> Task goal:
Please, in the data that follows, copy exactly the lines from the line with "Stoke Bay Conservation" through the last one, both included. Do not include pictures.

> Input data:
━━━━━━━━━━
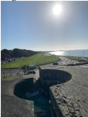
Stokes Bay – view from the Historic Diving Museum

Stoke Bay Conservation Area – Gosport HAZ Project. We are pleased to report that the hard work by GBC (& the community) resulted in planning permission being granted and Stokes Bay is safely designated as a Conservation Area.
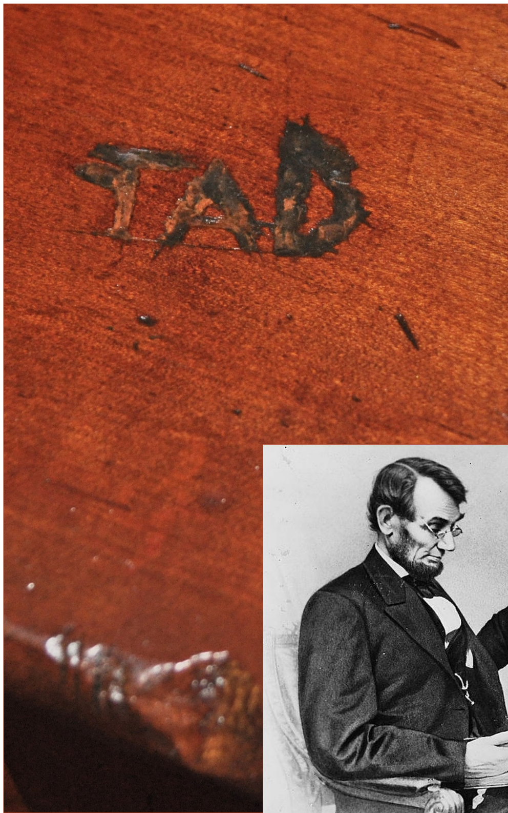
"TAD" is carved into the the top of the chest of drawers, possible by Tad Lincoln, shown at the right with his father, President Abraham Lincoln.
━━━━━━━━━━
> Response for this exercise:
Stoke Bay Conservation Area – Gosport HAZ Project. We are pleased to report that the hard work by GBC (& the community) resulted in planning permission being granted and Stokes Bay is safely designated as a Conservation Area.
"TAD" is carved into the the top of the chest of drawers, possible by Tad Lincoln, shown at the right with his father, President Abraham Lincoln.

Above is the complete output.